Playing With Fire Review

It’s difficult to observe the career of John Cena without comparing it to Dwayne Johnson’s. In many ways, Johnson forged the path for Cena to follow, out of the world of wrestling and into the world of Hollywood.

Strange then, that this film’s premise should remind me to much of a past film that starred the man once known as The Rock. Yes, many observers will note the resemblance of this film to The Game Plan (those who can remember this film anyway) a 2007 Dwayne Johnson vehicle about a man who knows nothing about children, tasked with suddenly looking after some. There’s even a dog that the children makeover, it’s uncanny.

But for all it may seem similar on the surface, there’s more than a few differences to talk about too, so let’s get to it.


Superintendent Jake Carson (Cena) is a by-the-book leader of his squadron of firefighters in California. During one rescue they recover three children separated from their parents, and with a storm rolling in, they found themselves stick with them.


About 20 minutes into the film, I thought it might have been one of the worst I’d seen all year.

The editing was so choppy you couldn’t tell what was going on, the dialogue was embarrassing and there were these strange, unnecessary sound effects added when characters came into frame that grated on my nerves more and more with each passing scene.

By the end of the 90-minute experience, I had softened somewhat, but I’m still sure that it’s one of the most poorly-written and stupid films I’ve seen all year, and I’ve seen Good Boys.

Let’s start with the script; now, I know this is a film predominantly aimed at kids, but that’s not really an excuse for a script that is so obnoxious at times. Granted there are a few moments that forced a brief chuckle, but the bulk of it is slapstick and toilet humour, that lands about as well as a custard pie to the face.

The characters are also not great, we’ve seen a character like Jake Carson what feels like a million times, including in The Game Plan, which makes me feel like I’m onto something. He’s the kind of archetypal male character who’s only about his work, and never shows any emotion, and honestly, I feel so bored of these characters, it’s just reflects poorly on writers who really seem like they didn’t care.

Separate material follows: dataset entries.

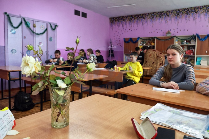 Schoolchildren sit at their desks inside a school heated with straw in the Marazliivka territorial community, Odesa region, Ukraine, on January 19, 2026. Due to prolonged electricity outages and heating interruptions resulting from Russian missile and drone attacks on Ukraine's energy infrastructure, schools in the region are transitioning to straw heating, Credit:Nina Liashonok / Avalon
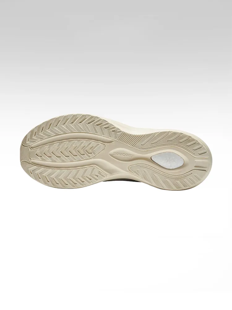 زیرهی بیرونی از لاستیک مقاوم با شیارهای عمیق و جهتدار ساخته شده تا در شرایط مرطوب یا لغزنده، کنترل حرکت حفظ شود. طراحی قوس میانی (midfoot cradle) در این مدل باعث میشود انتقال نیرو از پاشنه به پنجه روانتر انجام گیرد و دوندگان حس «حرکت پیوسته» را تجربه کنند.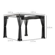 3m Garden Pergola With Retractable Canopy and Sides, Dark Grey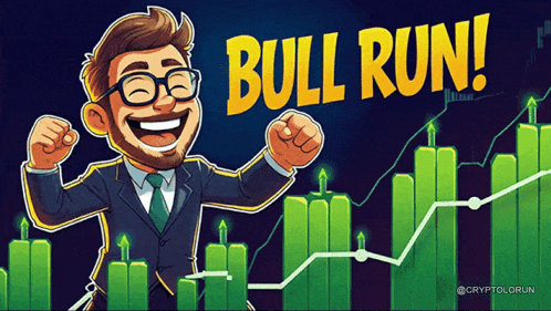 Content Description: a cartoon of a man in a suit and tie with the words bull run behind him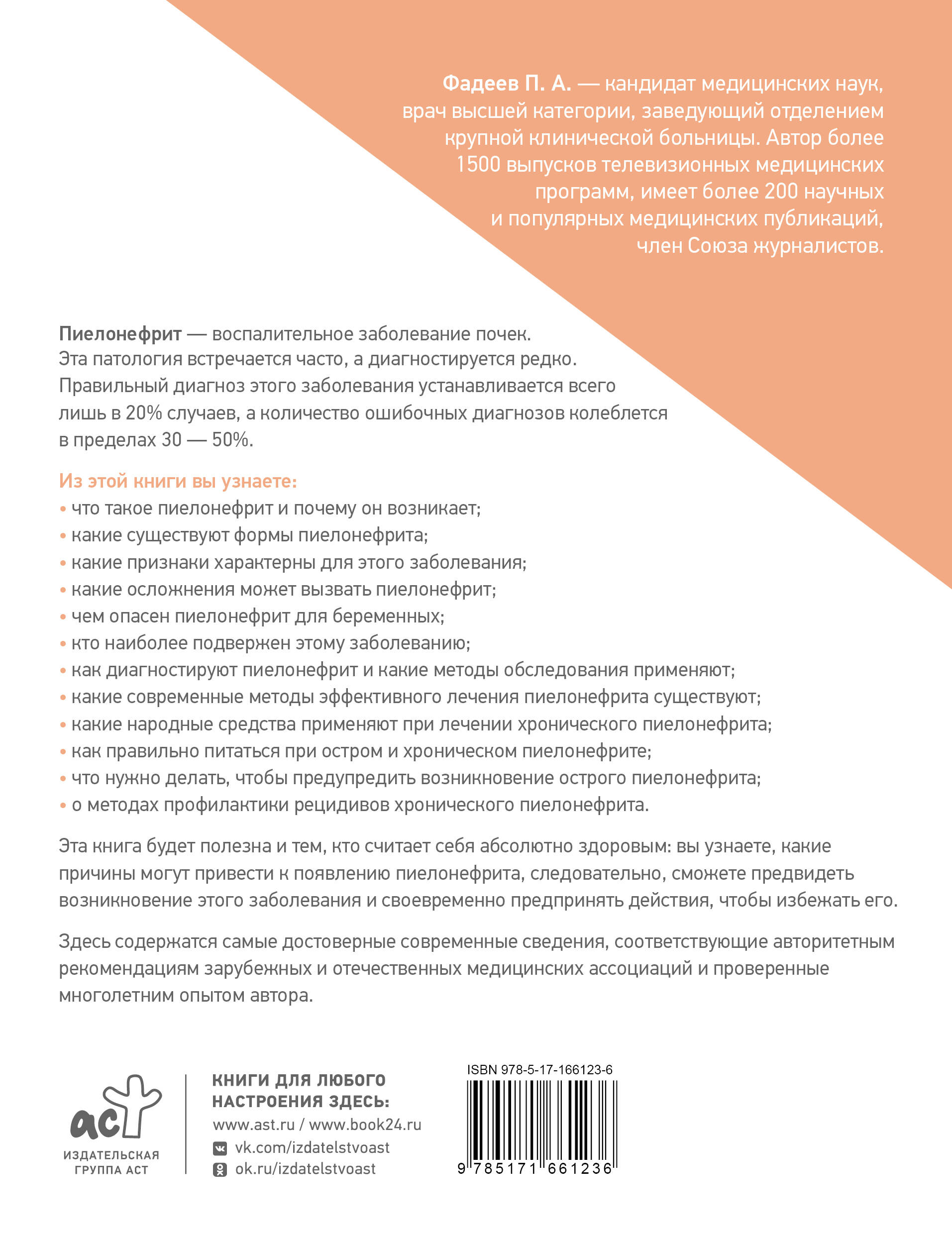 В книге в доступной форме изложены все основные вопросы, связанные с самым распространённым заболеванием почек - пиелонефритом. Читатель узнает, что такое пиелонефрит и какие факторы его провоцируют; каковы методы диагностики заболевания; какие бывают осложнения и как распознать их самостоятельно; как проводить правильные профилактические мероприятия, чтобы оставаться здоровым, и какой образ жизни и питания следует вести, если уже заразился. Настоящее издание опирается на самые современные медицинские, научные и статистические данные, собранные из самых авторитетных источников и соответствующие рекомендациям самых главных мировых здравоохранительных организаций.| Издательство | Издательство "АСТ" |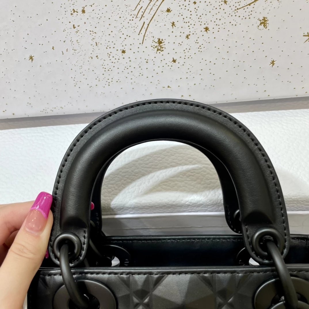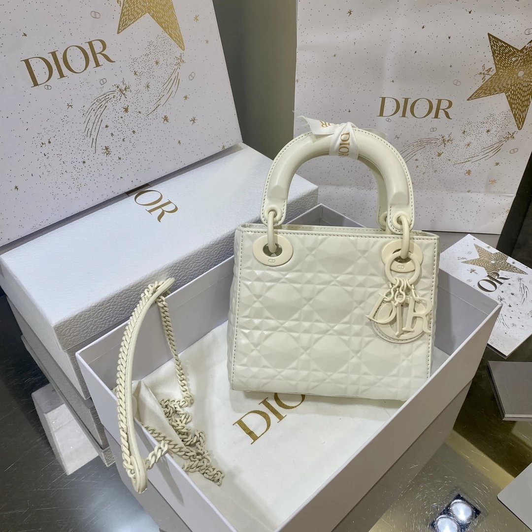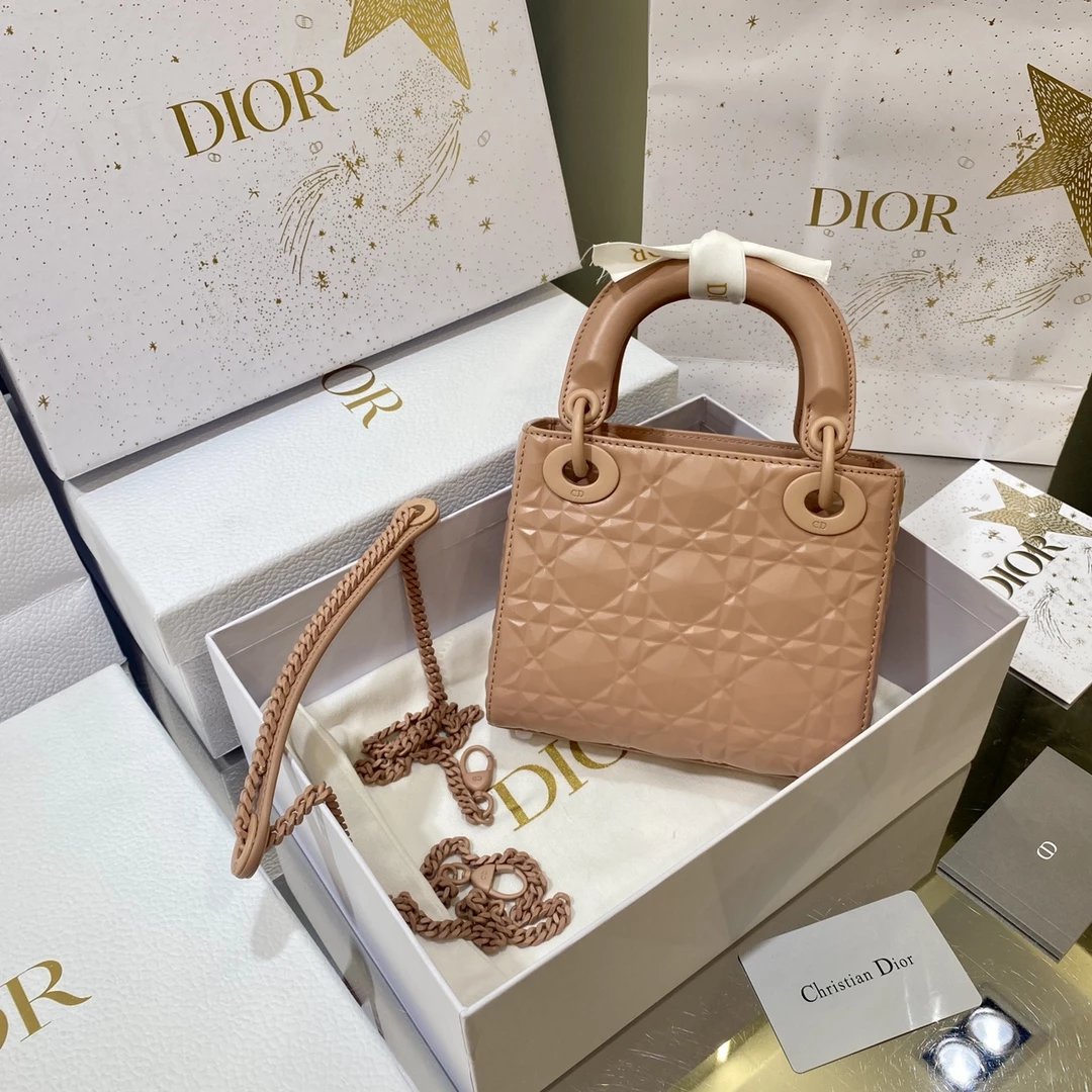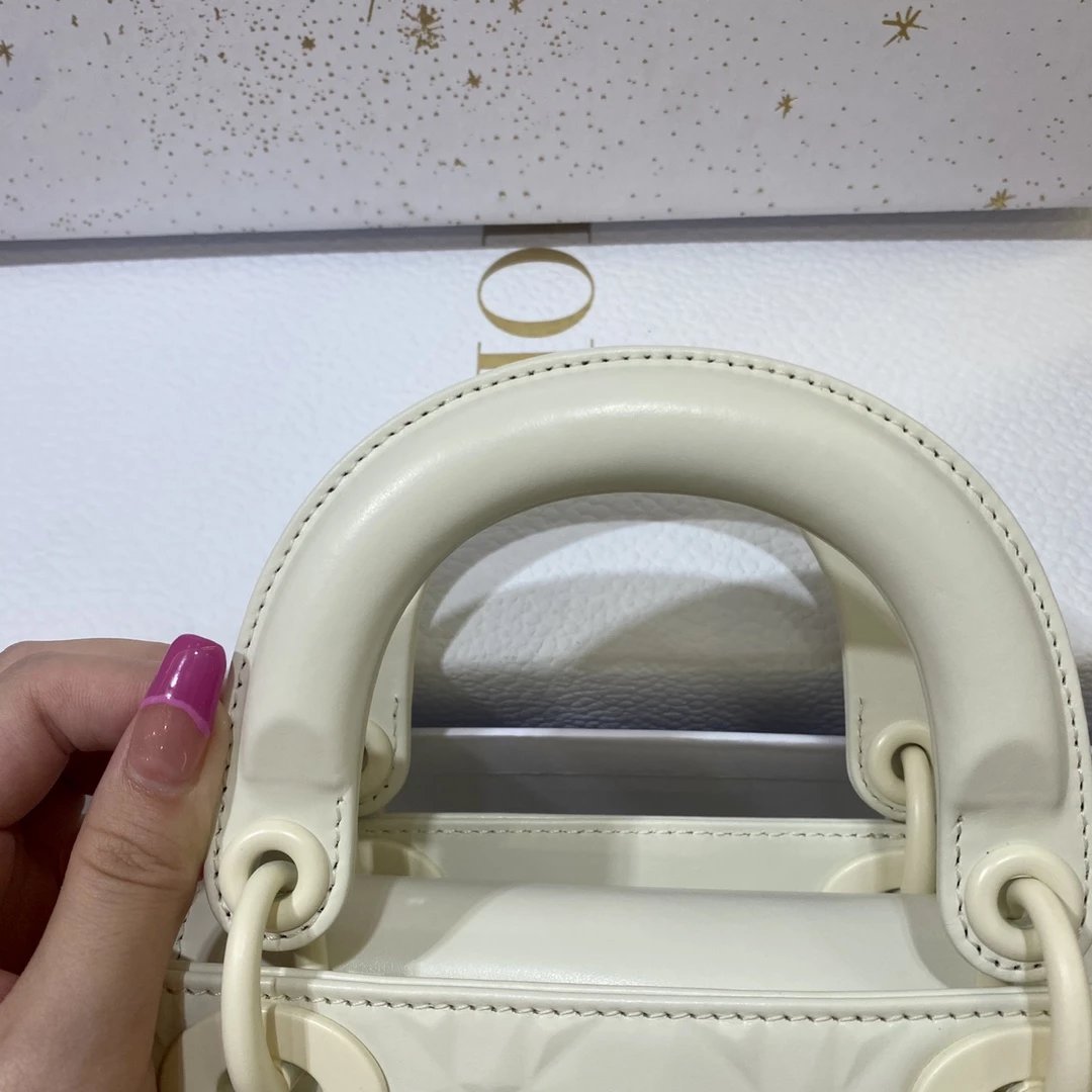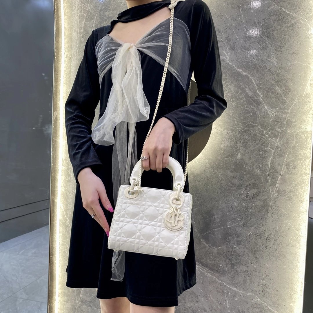 Dio.r lady 钻石藤格纹到货 采用全钢进口五金Lady 系列高雅经典的款式,采用钻石藤格纹缉面线羊皮革精心制作,迷你款式,搭配可拆卸的链条肩带,可手提、肩背或斜挎?尺寸:17 CM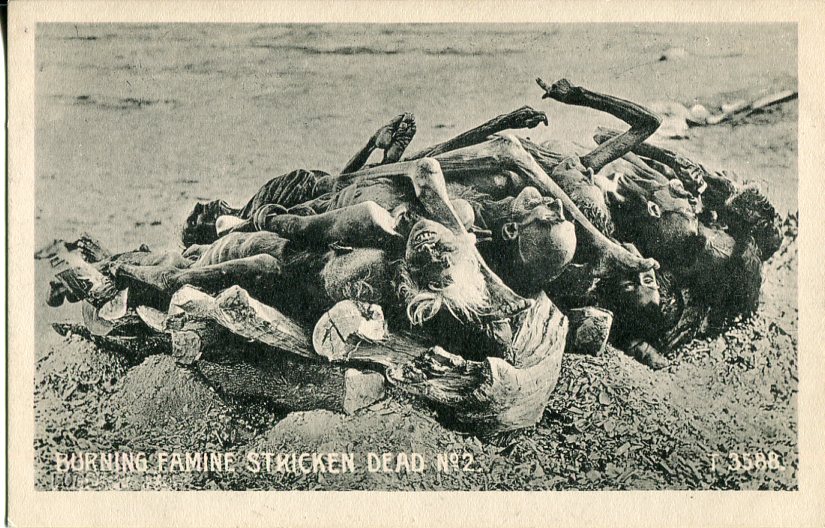 Unused postcard titled ‘Burning Famine Stricken Dead No. 2.

Nobody really gets an easy time of it here. John Leguizamo and Keegan-Michael Key both play loudmouth stereotypes, and we know for a fact that they’re better than that, and what’s worse is that they all look like they’re trying really hard to make their characters work, but there’s only so much you can do.

I know I should expect much from a Nickelodeon film, but it feels like it should be on Nick, like a failed sitcom that they stitched together and threw on the big screen, with its cartoonish reality, populated with characters springing up from nowhere with their own sound effects, and the most slapdash, zero effort love side plot. It all just reeks of hacks with no energy or creativity.

In the end, I felt sorry for the actors involved here. Maybe they had fun making this, but they must have known that it would end up being a mess when they first read the script. It’s a comedy with minimal laughs, or much of anything that anyone about five would find amusing.

In conclusion, a moronic script, and an overall uninspired direction, drags down this film, that so many people seem to be trying so hard to make work. As manufactured as Disney’s films seem, they at least manufacture some emotion, the only emotion I feel towards this is apathy.

*Post-script: I discovered why this film and The Game Plan are so similar; they have the same director. Unbelievable.